- **Required work**: Set down the whole listing below exactly, without pictures.

- **Data shown**:
◆ ◆ ◆ ◆
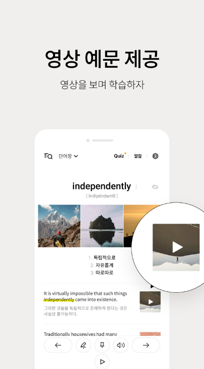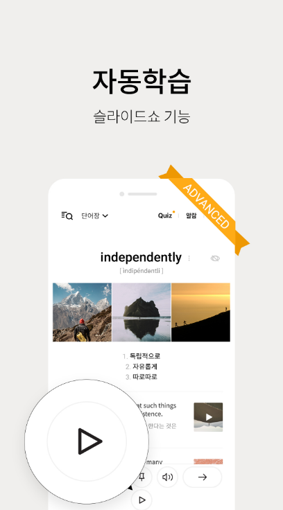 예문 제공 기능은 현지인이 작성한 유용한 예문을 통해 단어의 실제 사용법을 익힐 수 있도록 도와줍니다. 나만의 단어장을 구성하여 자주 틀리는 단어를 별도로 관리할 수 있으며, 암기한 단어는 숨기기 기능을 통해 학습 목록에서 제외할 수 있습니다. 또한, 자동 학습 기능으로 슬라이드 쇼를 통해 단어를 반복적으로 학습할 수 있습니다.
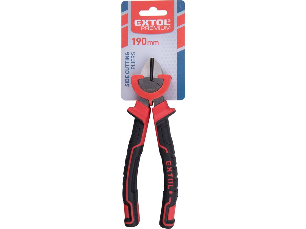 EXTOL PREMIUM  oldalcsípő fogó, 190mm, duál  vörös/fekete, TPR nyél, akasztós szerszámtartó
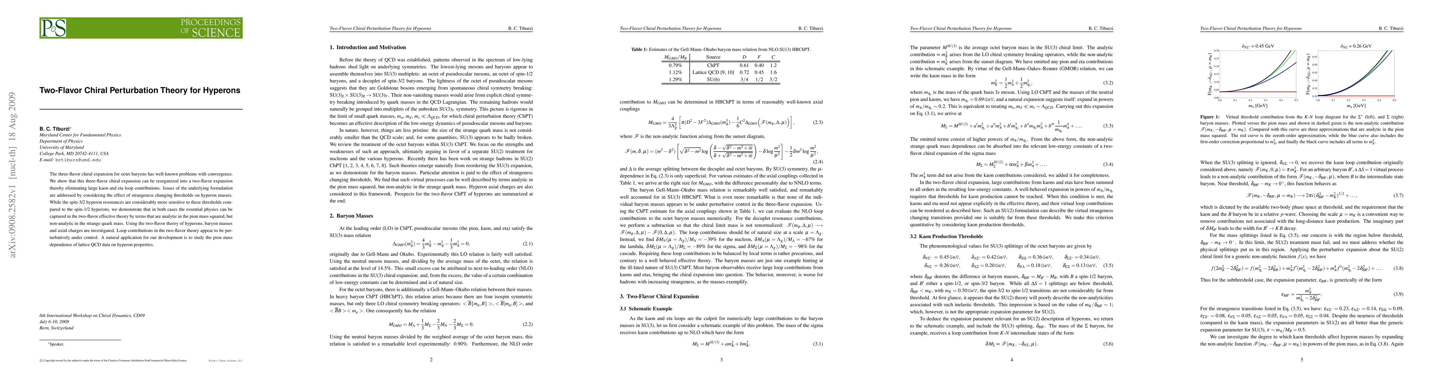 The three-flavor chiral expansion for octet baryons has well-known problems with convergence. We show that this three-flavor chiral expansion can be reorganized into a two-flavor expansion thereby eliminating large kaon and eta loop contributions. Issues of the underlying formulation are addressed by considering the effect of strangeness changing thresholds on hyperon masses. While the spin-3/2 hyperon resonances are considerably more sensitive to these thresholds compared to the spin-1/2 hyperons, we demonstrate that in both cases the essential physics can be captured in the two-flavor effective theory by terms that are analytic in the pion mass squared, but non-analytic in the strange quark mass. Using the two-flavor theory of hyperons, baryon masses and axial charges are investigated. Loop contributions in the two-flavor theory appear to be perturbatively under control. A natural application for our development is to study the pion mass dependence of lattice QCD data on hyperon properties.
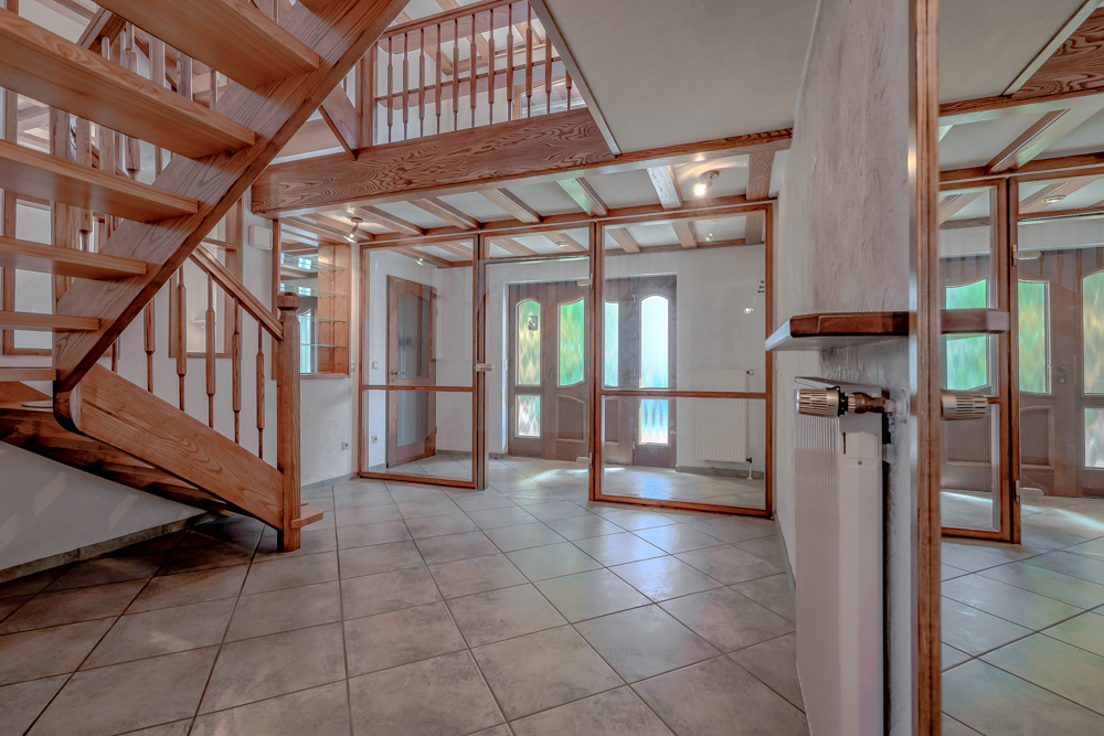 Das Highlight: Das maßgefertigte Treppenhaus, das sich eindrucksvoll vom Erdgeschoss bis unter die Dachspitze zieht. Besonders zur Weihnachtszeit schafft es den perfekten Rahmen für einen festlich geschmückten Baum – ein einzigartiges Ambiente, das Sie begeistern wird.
◆ ◆ ◆ ◆
- **Answer to this problem**:
 예문 제공 기능은 현지인이 작성한 유용한 예문을 통해 단어의 실제 사용법을 익힐 수 있도록 도와줍니다. 나만의 단어장을 구성하여 자주 틀리는 단어를 별도로 관리할 수 있으며, 암기한 단어는 숨기기 기능을 통해 학습 목록에서 제외할 수 있습니다. 또한, 자동 학습 기능으로 슬라이드 쇼를 통해 단어를 반복적으로 학습할 수 있습니다.
 EXTOL PREMIUM  oldalcsípő fogó, 190mm, duál  vörös/fekete, TPR nyél, akasztós szerszámtartó
 The three-flavor chiral expansion for octet baryons has well-known problems with convergence. We show that this three-flavor chiral expansion can be reorganized into a two-flavor expansion thereby eliminating large kaon and eta loop contributions. Issues of the underlying formulation are addressed by considering the effect of strangeness changing thresholds on hyperon masses. While the spin-3/2 hyperon resonances are considerably more sensitive to these thresholds compared to the spin-1/2 hyperons, we demonstrate that in both cases the essential physics can be captured in the two-flavor effective theory by terms that are analytic in the pion mass squared, but non-analytic in the strange quark mass. Using the two-flavor theory of hyperons, baryon masses and axial charges are investigated. Loop contributions in the two-flavor theory appear to be perturbatively under control. A natural application for our development is to study the pion mass dependence of lattice QCD data on hyperon properties.
 Das Highlight: Das maßgefertigte Treppenhaus, das sich eindrucksvoll vom Erdgeschoss bis unter die Dachspitze zieht. Besonders zur Weihnachtszeit schafft es den perfekten Rahmen für einen festlich geschmückten Baum – ein einzigartiges Ambiente, das Sie begeistern wird.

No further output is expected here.